IME squid saves between 25%-60% on bandwidth depending on traffic patterns. This is irregardless of size. You already have a proxy with the webscanner..just route the final scanned data through squid for caching.(take a look at the copfilter project which uses ipcop). Just make sure you don't have squid cache in ram much or your ram requirements go through the roof. I have had to tweak several squid configs to reduce squid memory footprint which can be rather large..I'm not a squid expert but if you would like i can post my tweaks that i normally use to reduce squid's memory footprint.
This looks like an excellent product. I have 10 firewalls i admin..some heavily modded ipcop machines and some astaro.
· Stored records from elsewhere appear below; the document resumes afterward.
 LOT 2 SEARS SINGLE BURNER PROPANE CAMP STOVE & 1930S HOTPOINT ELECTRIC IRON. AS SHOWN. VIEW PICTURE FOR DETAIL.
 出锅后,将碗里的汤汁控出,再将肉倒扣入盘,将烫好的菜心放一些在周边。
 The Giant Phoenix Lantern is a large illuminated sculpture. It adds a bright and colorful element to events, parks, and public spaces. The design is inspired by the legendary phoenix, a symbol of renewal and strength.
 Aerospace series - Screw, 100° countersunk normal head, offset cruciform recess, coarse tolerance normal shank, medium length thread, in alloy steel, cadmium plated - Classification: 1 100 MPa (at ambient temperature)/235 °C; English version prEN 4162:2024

Get the caching proxy server in there and i can begin evaluating replacing ALL of those machines with your product.
Last edited by hescominsoon; 09-01-2007 at 07:04 AM.
Hi all!
I am new to Untangle and still learning, but I also miss the proxy feature.
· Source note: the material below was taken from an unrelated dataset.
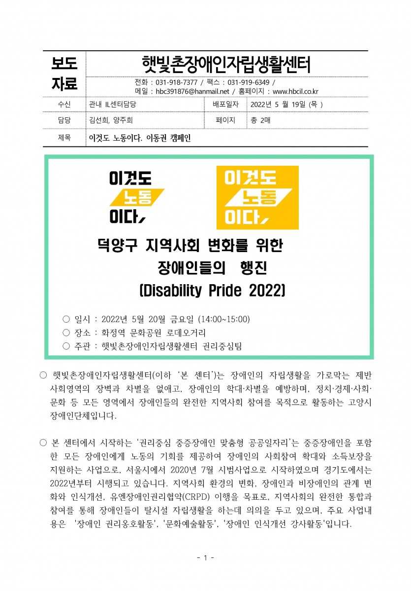 덕양구 지역사회 변화를 위한 장애인들의 행진[Disability Pride 2022] 5차 페이지 정보 작성자 햇빛촌 조회 15,457회 작성일 22-05-19 11:54 본문 덕양구 지역사회 변화를 위한 장애인들의 행진[Disability Pride 2022] 5차 목록 이전글코로나19 현황 22.05.23 다음글장애인 대상 ‘고요한M 드라이버 취업설명회’ 23일 개최 22.05.17 댓글목록 댓글목록 등록된 댓글이 없습니다.
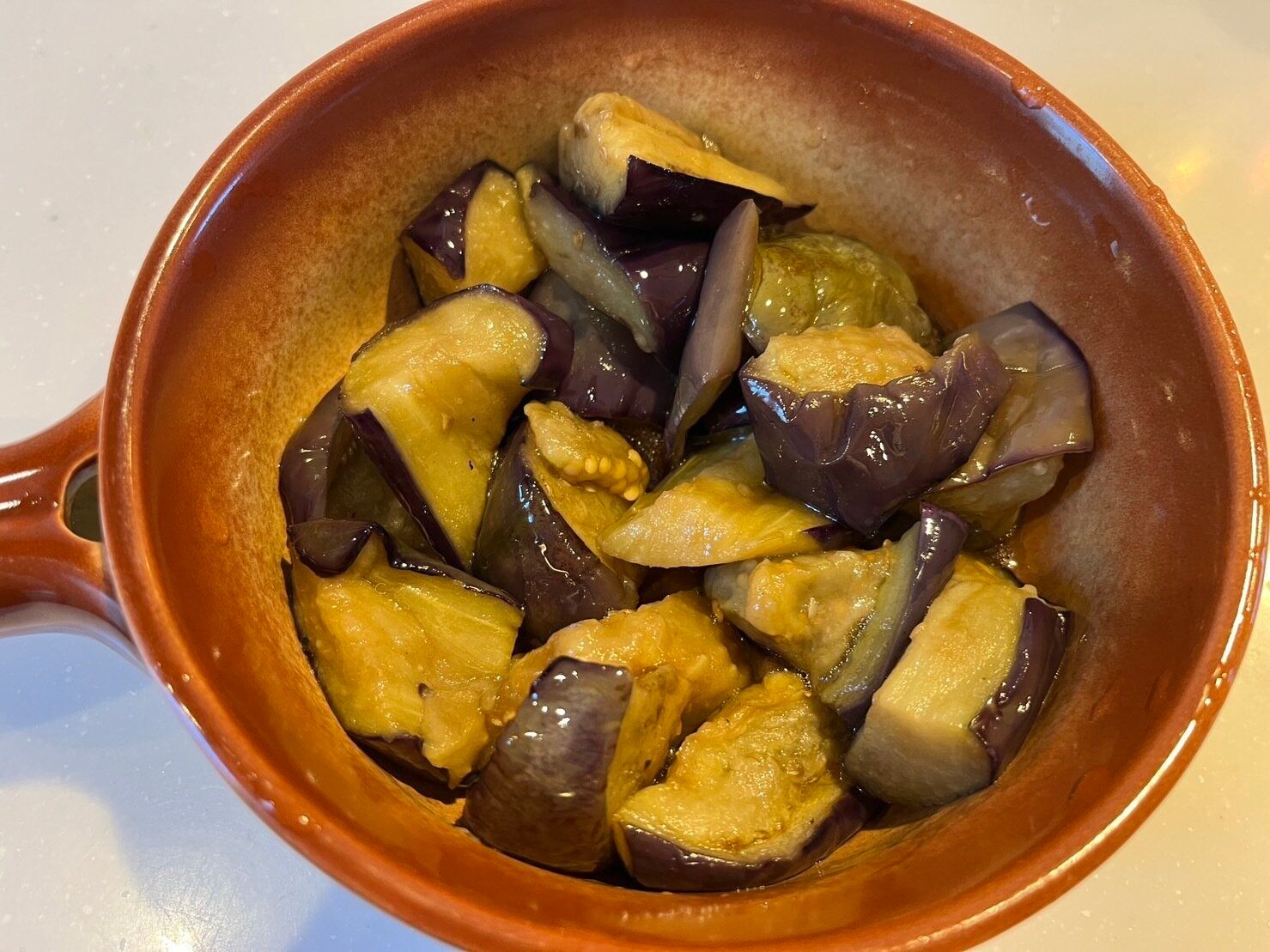 揚げなすなので、レンジで加熱すると油分が出てきます。

Why not use something like advproxy?
http://www.advproxy.net/
I think this only works on IPCop and Smoothwall but it is an excellent feature.
It works more like a file server then a web proxy, saving all windows update and more.
I will attach a screen shot from my current Router software (endian) were you can see what programs it can save updates for.
As you can see I am only using it to cache windows update.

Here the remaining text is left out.